Europe’s hotel industry posted solid growth across the three key performance metrics during 2017, according to data from STR.
Euro constant currency, 2017 vs. 2016
- Occupancy: +2.4% to 71.9%
- Average daily rate (ADR): +3.1% to EUR110.51
- Revenue per available room (RevPAR): +5.6% to EUR79.46
Local currency, 2017 vs. 2016
• Occupancy: +3.9% to 74.3%
• ADR: +5.3% to EUR117.93
• RevPAR: +9.4% to EUR87.57
STR analysts noted that the absolute occupancy level was well above historical averages in the Netherlands. The country’s overall performance growth was driven by its key market, Amsterdam, where occupancy was up 4.1% to 81.5% and ADR grew 6.0% to EUR143.91. A pair of events lifted Amsterdam’s performance in September. The IBC entertainment and technology conference, which drew a record crowd, led to an average occupancy of more than 90% with rate increases ranging between 41% and 67% over a five-day period. The European Photovoltaic Solar Energy and Exhibition (EU PVSEC) also helped push occupancy above 90% on four straight nights near the end of September.

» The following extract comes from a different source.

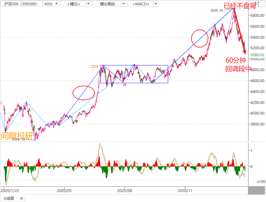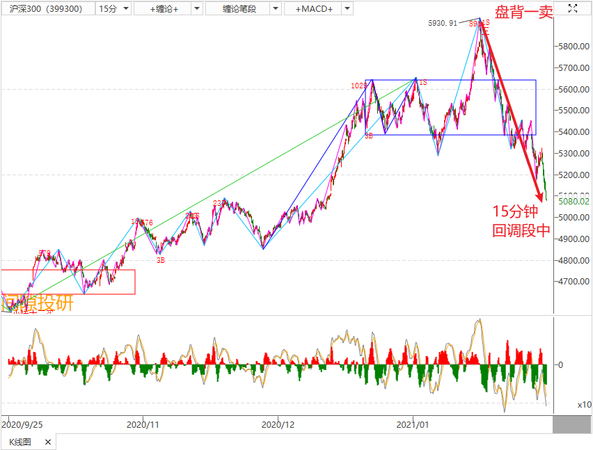 | 3-8 琛实缠论大盘复盘 板块上 长期看好消费,金融,医疗器械,医药,医美,科技,5G,军工,光伏,新能源,农业育种板块。 今天女神节,但是股市的表现却不像“真男人”,一个字“软”,两个字“太软”。指数全线下跌,创业板跌幅甚至接近5% ,抱团取暖变成了抱团杀跌,核电板块逆势上涨,万绿丛中一点红。 谈一谈我的逻辑 第一,短期内指数大跌和国内收紧流动性,利率上行,以及美债收益率短期大涨导致国外股市大跌影响有关。 今年全年的交易我们需要做最坏的打算,争取最好的结果。 第二,今天整个市场的氛围都比较悲观,我一直强调交易是反人性的工作,在他人恐惧的时候我贪婪,但是今天强调一点,贪婪不是盲目贪婪,我们需要在回调走势确认结束的时候果断入场,而不是盲目入场。 第三,今天的下跌,导致沪深300指数安全的做多机会最早在3月下旬才能确认,但我关注的部分板块和个股买点会早于这个时间点,现在是大家做好准备的时候,我今天加了一点仓,仓位不到4层。 第四,从指数看,中证500的估值相比沪深300要低一些,中证500里的中市值票更容易率先上涨。但也不能一概而论,个股需要逐一看,比如五粮液今天这么一跌,PE回到50倍以下了,但还要再等回调结束确认再上车。 先看沪深300缠论走势结论 间隙投研雷达上显示: 今天确认了60分钟上涨段结束,目前处于60分钟回调段。 3月4日确认了30分钟卖点,目前处于30分钟回调段。 2月22日确认了15分钟卖点,目前处于15分钟回调段。 对应股指期货(IF)接下来的操作思路: 第一,今天确认了长线(60分钟)上涨段结束,回顾一下,从2月22日开始,依次确认了15分钟,30分钟和60分钟进入回调段。在2月22日时,我们是无法猜测沪深300会回调这么深,但这不重要,猜测不能支撑操作,重要的是当下如何应对,这也是大家看我文章所需。 第二,因为今天确认了长线(60分钟)上涨段结束,所以当中线(15分钟)回调段结束时,也不能接回多单了,这点是和上周四文章内容的区别,也是基于当下走势变化的应对。 第三,沪深300当下等待的做多机会是长线(60分钟)回调段结束的时候,确认时间最早在3月下旬,我们需要耐心等待走势完成。 具体看沪深300指数缠论走势分解 1,今天确认了长线线(60分钟)上涨段结束,当下处于回调段。

- Occupancy: +0.7% to 74.6%
- ADR: +8.0% to EUR114.41
- RevPAR: +8.8% to EUR85.29
The country’s occupancy and rate levels were well above long-term averages in Spain. The occupancy growth came even with relatively flat total-year occupancy in Barcelona (-0.1% to 76.7%). Barcelona saw three consecutive months of year-over-year RevPAR declines following the Catalan Independence Referendum. Earlier in the year, performance growth was strong, thanks in part to events such as the Barcelona International Comics Fair (April), European Society of Cardiology Congress (August), International Epilepsy Congress (September) and the Congress for European Society of Organ Transplantation (September). United European Gastroenterology Week (October/November) helped performance after unrest began around the time of the referendum.

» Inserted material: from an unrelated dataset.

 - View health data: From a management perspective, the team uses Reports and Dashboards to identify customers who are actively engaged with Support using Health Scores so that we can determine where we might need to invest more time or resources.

- Occupancy: +0.5% to 77.4%
- ADR: +3.6% to GBP92.32
- RevPAR: +4.1% to GBP71.49
The U.K.’s year-end performance figures were mainly the result of a record-breaking first half, as STR reported in August. Following the results of the June 2016 referendum to leave the European Union, the British pound was devalued considerably against the dollar and the euro. In the short term, this proved to be very positive for U.K. hoteliers, as the favorable exchange rate attracted an influx of international tourists, and provided a boost in domestic tourism as traveling to other countries became less affordable for U.K. residents. Performance figures for the final months of 2017 showed that the “Brexit effect” appears to be waning, as the pound continues to climb back in value. While occupancy levels decreased slightly for seven straight months to end the year, ADR grew year over year in each month of 2017. London hotels posted a 4.1% increase in ADR for the year, with relatively flat occupancy that was heavily affected by strong, continued supply growth. The U.K. capital also showed resilience in the wake of multiple terror attacks in 2017, with minimal impact on hotel performance following each instance.